(WORK TO BE COMPLETED)
Only the lines below from the one containing "基準(zhǔn)回歸結(ji" through the one containing "git commit -m" belong in the answer, repeated exactly and without pictures.

(SOURCE INFORMATION)
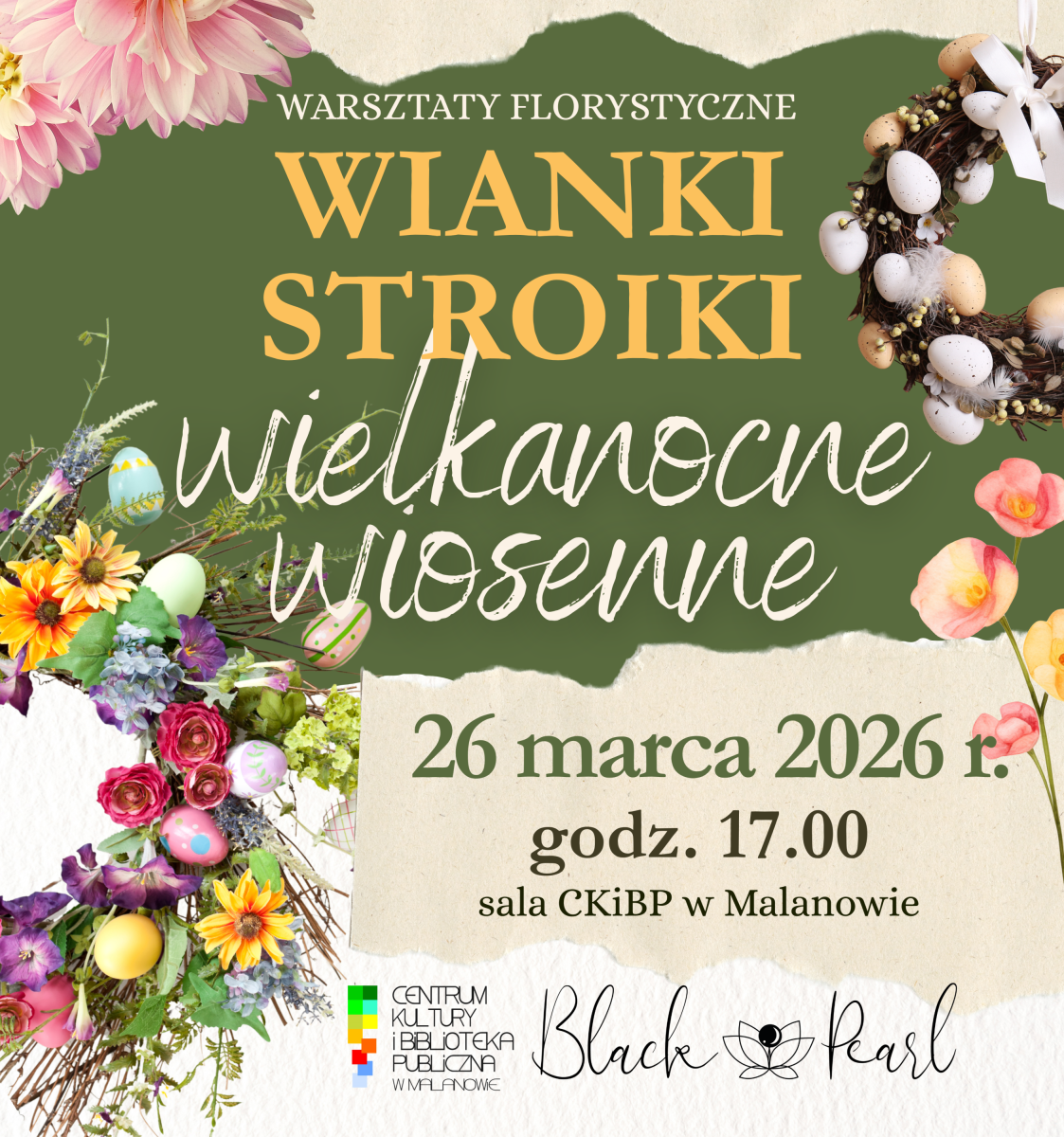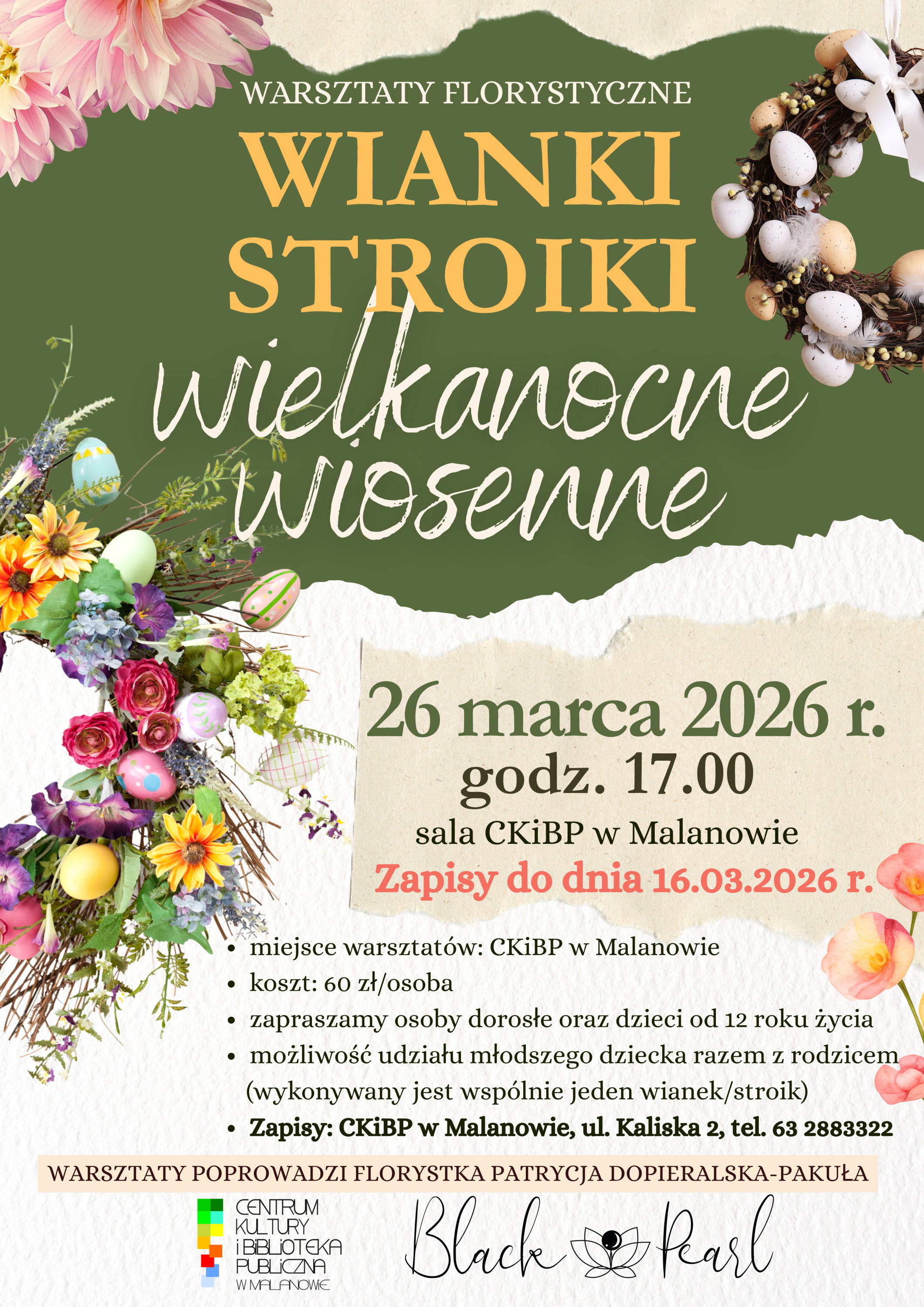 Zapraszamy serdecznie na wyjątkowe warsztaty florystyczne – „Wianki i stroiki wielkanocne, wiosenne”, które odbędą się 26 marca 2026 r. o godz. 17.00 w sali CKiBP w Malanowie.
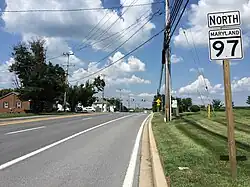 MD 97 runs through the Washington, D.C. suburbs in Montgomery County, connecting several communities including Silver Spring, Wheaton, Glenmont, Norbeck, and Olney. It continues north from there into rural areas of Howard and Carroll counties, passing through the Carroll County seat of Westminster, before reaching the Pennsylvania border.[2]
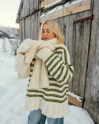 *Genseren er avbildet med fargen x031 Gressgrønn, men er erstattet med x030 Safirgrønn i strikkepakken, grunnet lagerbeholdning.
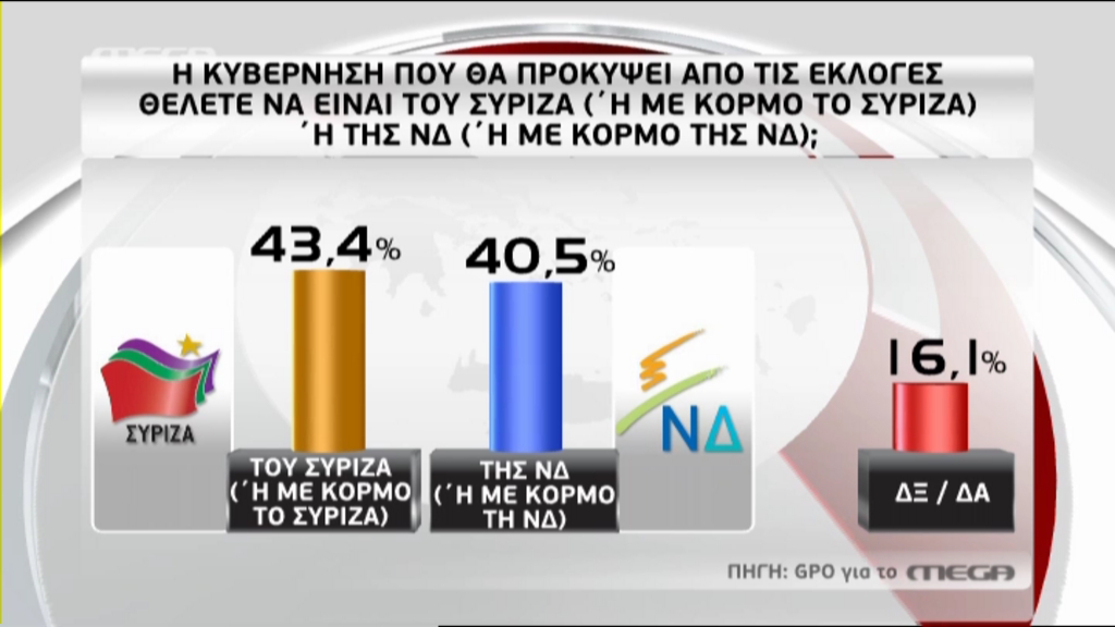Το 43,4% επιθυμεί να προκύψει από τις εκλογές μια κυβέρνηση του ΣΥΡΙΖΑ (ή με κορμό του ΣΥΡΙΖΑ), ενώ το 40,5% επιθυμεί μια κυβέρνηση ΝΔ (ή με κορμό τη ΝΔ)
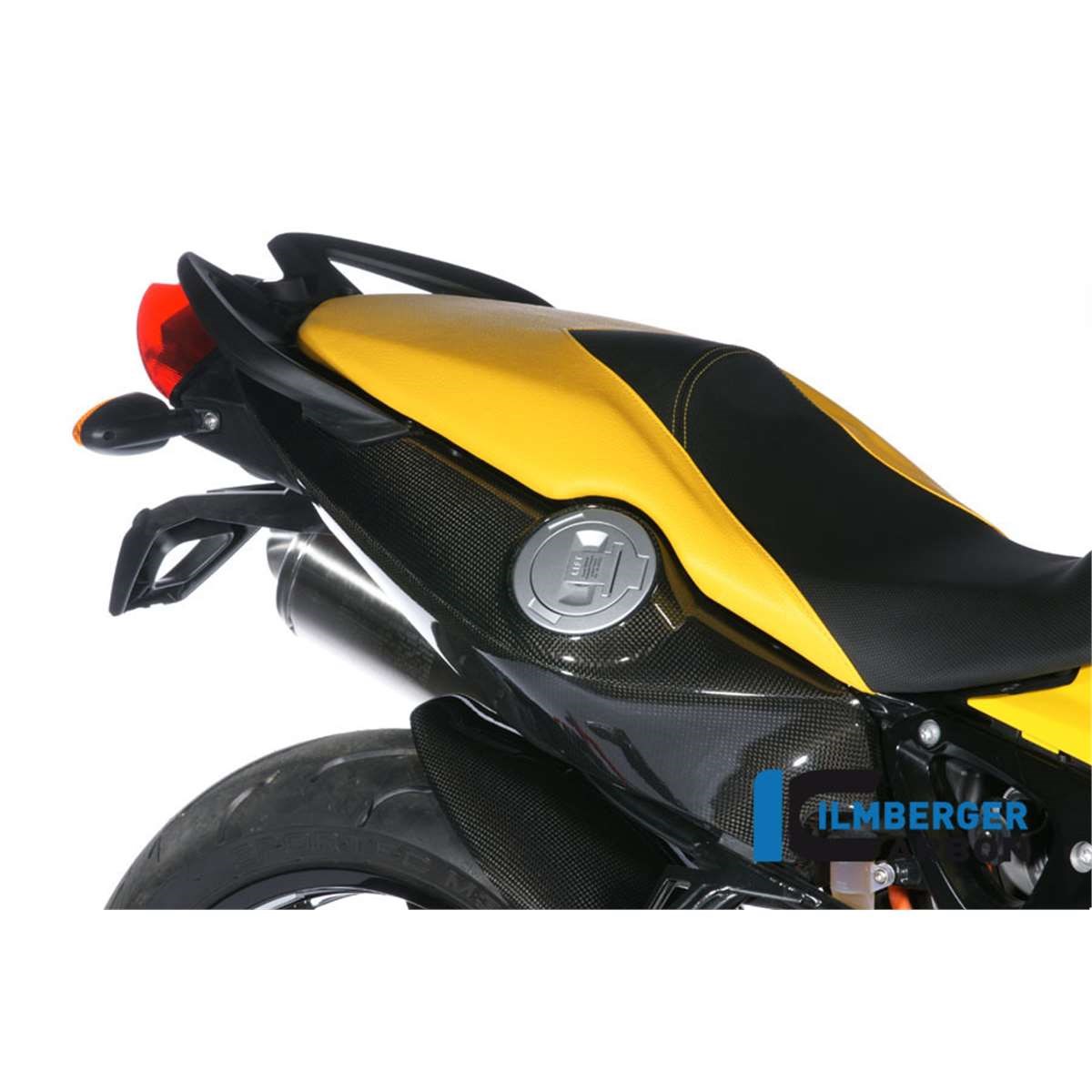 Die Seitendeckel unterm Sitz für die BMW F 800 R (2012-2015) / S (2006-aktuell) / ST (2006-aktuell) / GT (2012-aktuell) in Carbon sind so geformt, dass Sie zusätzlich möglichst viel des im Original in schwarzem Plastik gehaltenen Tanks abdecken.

* * *

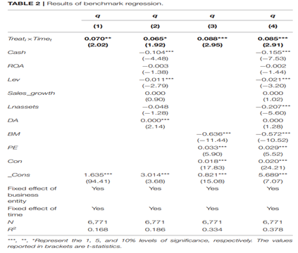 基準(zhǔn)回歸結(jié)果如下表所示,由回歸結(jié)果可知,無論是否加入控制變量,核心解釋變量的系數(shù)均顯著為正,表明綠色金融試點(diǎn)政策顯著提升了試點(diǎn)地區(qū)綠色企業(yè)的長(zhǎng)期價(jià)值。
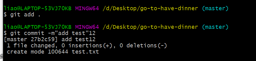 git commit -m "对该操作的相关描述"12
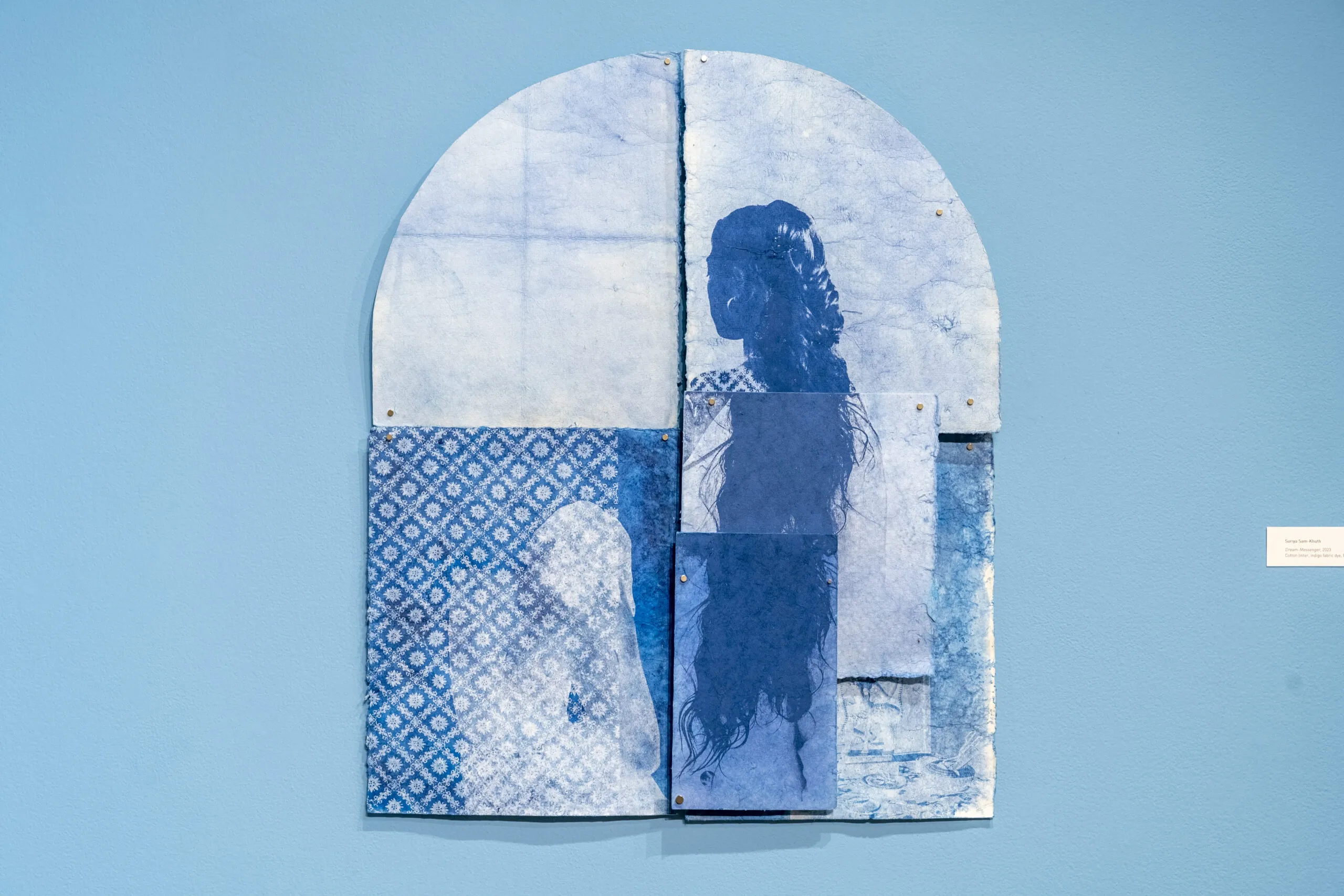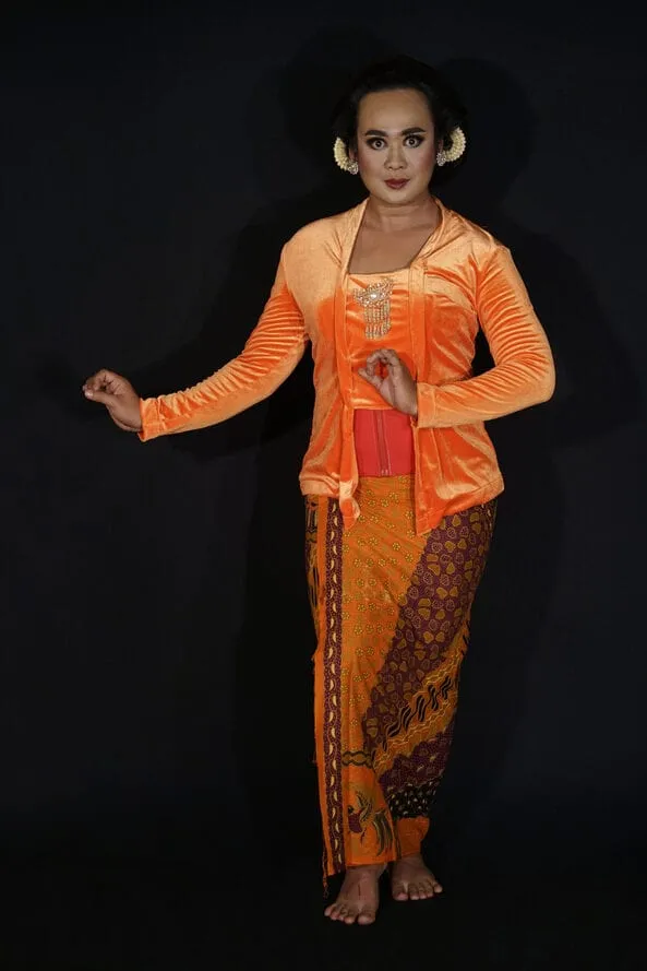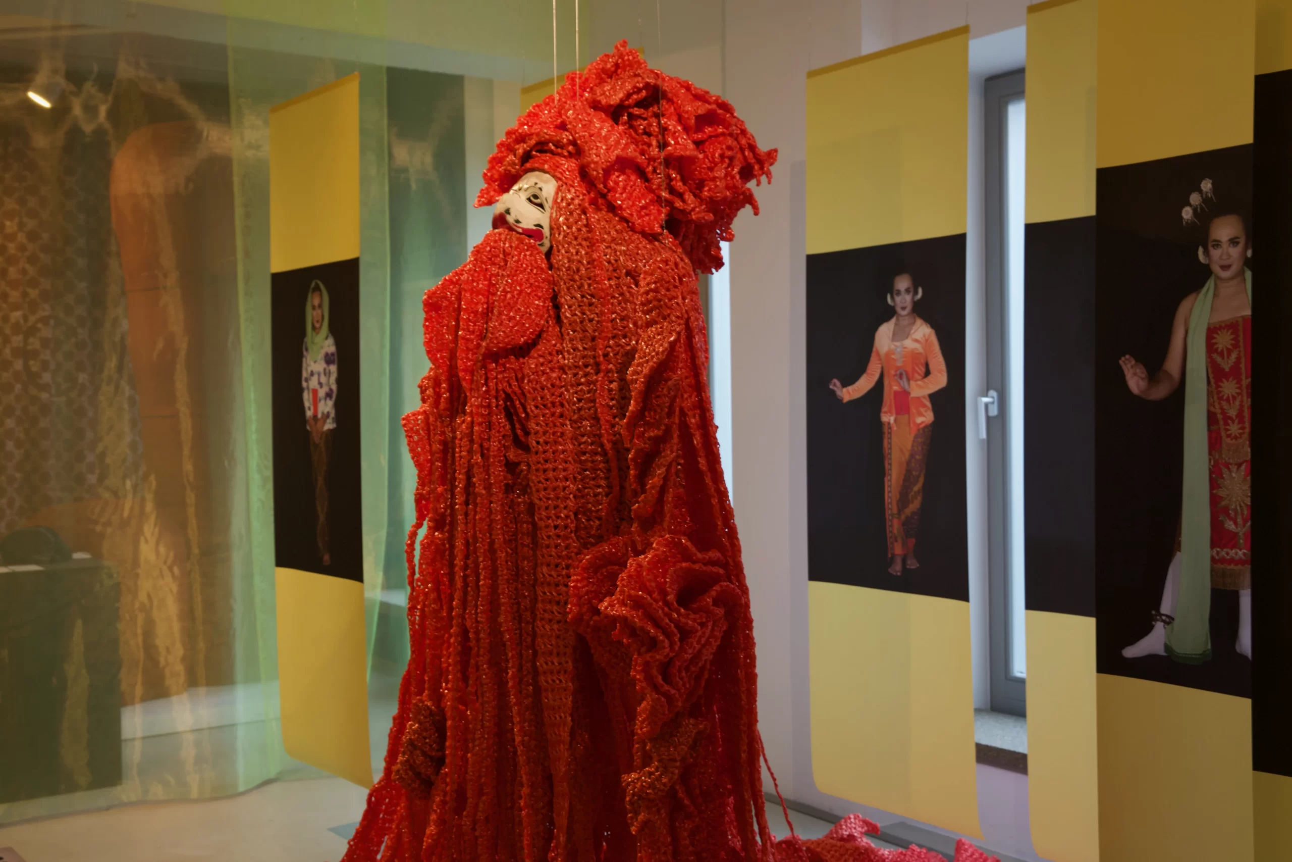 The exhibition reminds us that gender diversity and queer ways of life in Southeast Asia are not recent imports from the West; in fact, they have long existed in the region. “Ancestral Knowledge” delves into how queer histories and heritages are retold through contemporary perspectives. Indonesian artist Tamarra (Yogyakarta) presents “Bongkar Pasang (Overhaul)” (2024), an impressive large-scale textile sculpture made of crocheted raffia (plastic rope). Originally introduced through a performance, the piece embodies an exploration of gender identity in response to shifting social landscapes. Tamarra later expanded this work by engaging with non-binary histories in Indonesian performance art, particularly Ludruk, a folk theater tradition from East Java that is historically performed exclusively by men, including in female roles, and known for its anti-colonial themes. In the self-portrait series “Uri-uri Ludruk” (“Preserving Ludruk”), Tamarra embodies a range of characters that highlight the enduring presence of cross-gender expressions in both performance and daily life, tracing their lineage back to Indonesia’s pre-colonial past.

==

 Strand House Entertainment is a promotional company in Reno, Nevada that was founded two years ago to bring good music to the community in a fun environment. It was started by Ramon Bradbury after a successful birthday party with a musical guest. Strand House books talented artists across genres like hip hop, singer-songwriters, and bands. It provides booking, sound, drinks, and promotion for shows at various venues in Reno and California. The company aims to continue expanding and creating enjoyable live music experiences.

(RESPONSE)
 基準(zhǔn)回歸結(jié)果如下表所示,由回歸結(jié)果可知,無論是否加入控制變量,核心解釋變量的系數(shù)均顯著為正,表明綠色金融試點(diǎn)政策顯著提升了試點(diǎn)地區(qū)綠色企業(yè)的長(zhǎng)期價(jià)值。
 git commit -m "对该操作的相关描述"12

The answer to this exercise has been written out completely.